Data excerpt |

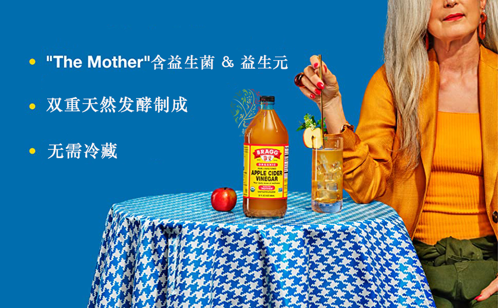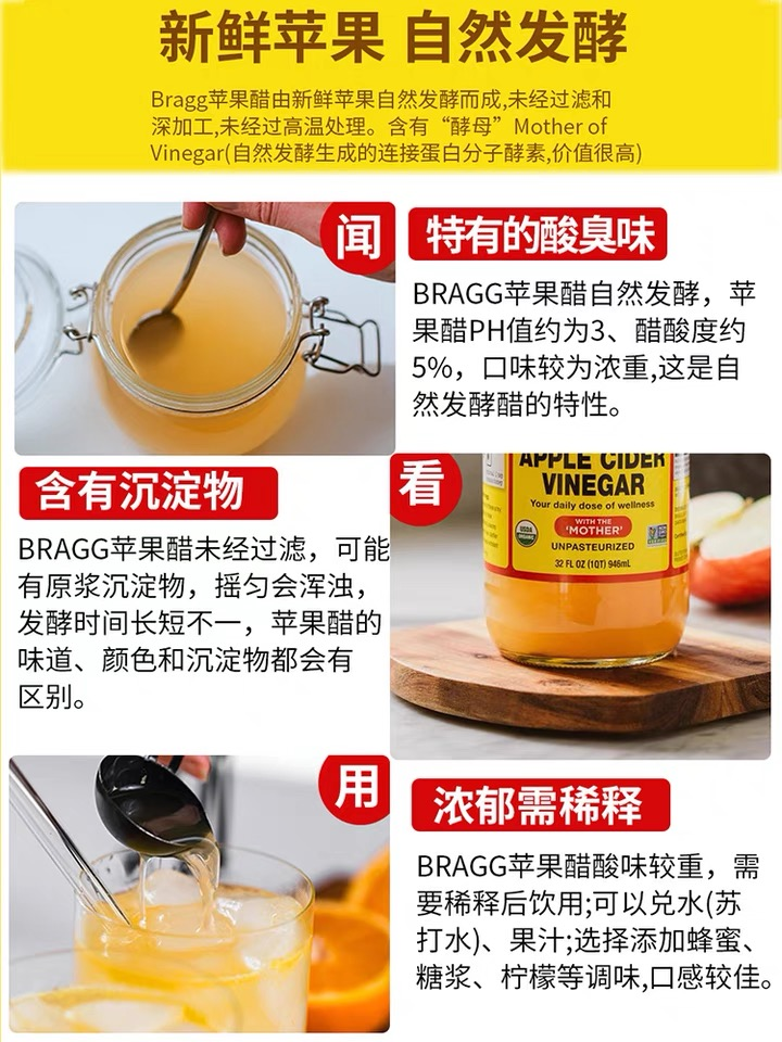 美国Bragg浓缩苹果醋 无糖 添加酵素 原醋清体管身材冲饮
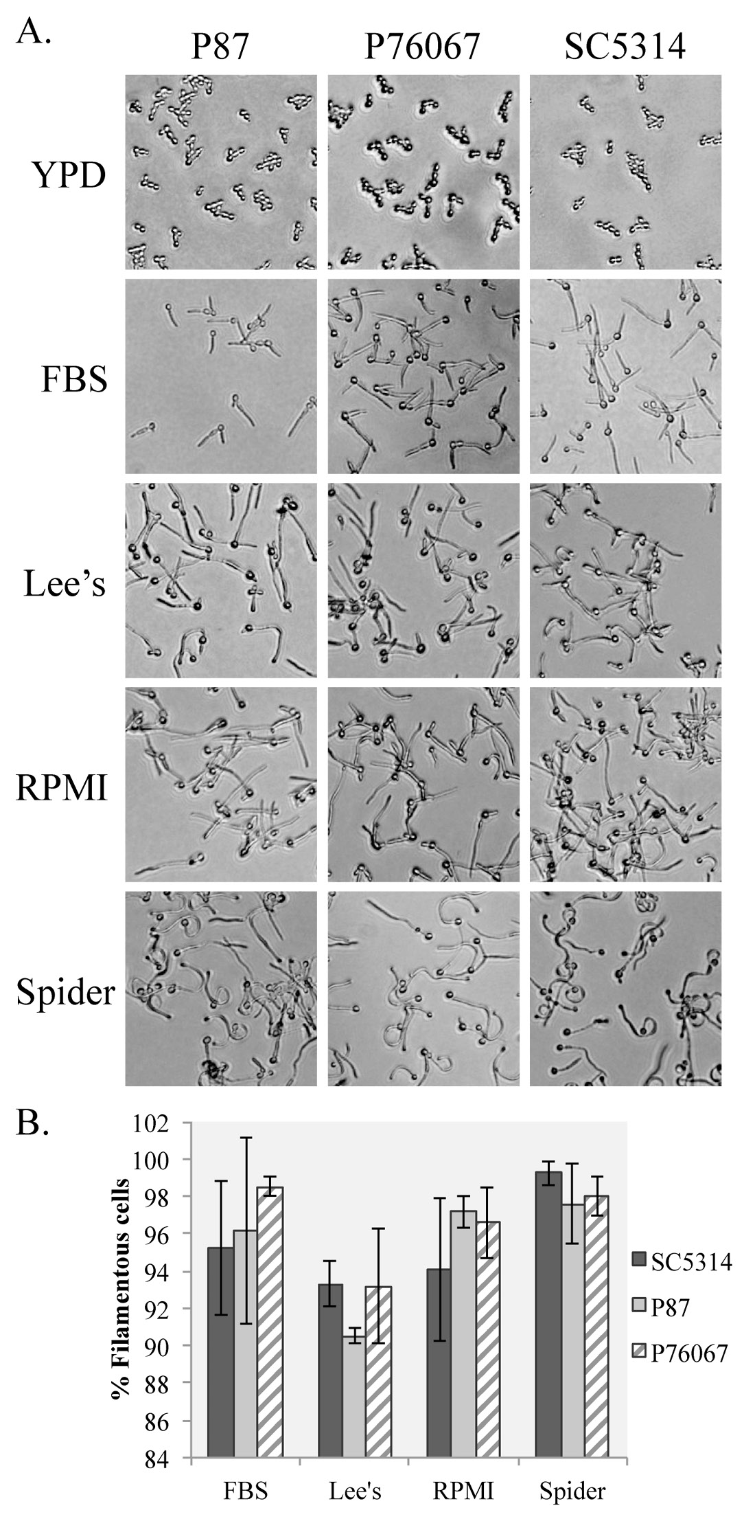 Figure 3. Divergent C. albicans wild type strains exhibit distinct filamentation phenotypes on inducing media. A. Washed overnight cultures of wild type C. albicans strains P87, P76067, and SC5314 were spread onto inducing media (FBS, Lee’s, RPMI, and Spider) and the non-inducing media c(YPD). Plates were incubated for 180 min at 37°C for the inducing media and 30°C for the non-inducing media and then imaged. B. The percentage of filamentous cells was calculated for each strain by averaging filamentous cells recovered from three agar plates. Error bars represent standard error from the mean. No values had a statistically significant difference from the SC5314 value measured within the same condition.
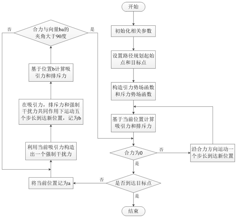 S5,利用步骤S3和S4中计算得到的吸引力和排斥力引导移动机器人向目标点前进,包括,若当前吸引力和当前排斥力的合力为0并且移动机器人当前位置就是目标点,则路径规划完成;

Exercise directions |
Give the data again exactly, image-free.

Finished task |
 美国Bragg浓缩苹果醋 无糖 添加酵素 原醋清体管身材冲饮
 Figure 3. Divergent C. albicans wild type strains exhibit distinct filamentation phenotypes on inducing media. A. Washed overnight cultures of wild type C. albicans strains P87, P76067, and SC5314 were spread onto inducing media (FBS, Lee’s, RPMI, and Spider) and the non-inducing media c(YPD). Plates were incubated for 180 min at 37°C for the inducing media and 30°C for the non-inducing media and then imaged. B. The percentage of filamentous cells was calculated for each strain by averaging filamentous cells recovered from three agar plates. Error bars represent standard error from the mean. No values had a statistically significant difference from the SC5314 value measured within the same condition.
 S5,利用步骤S3和S4中计算得到的吸引力和排斥力引导移动机器人向目标点前进,包括,若当前吸引力和当前排斥力的合力为0并且移动机器人当前位置就是目标点,则路径规划完成;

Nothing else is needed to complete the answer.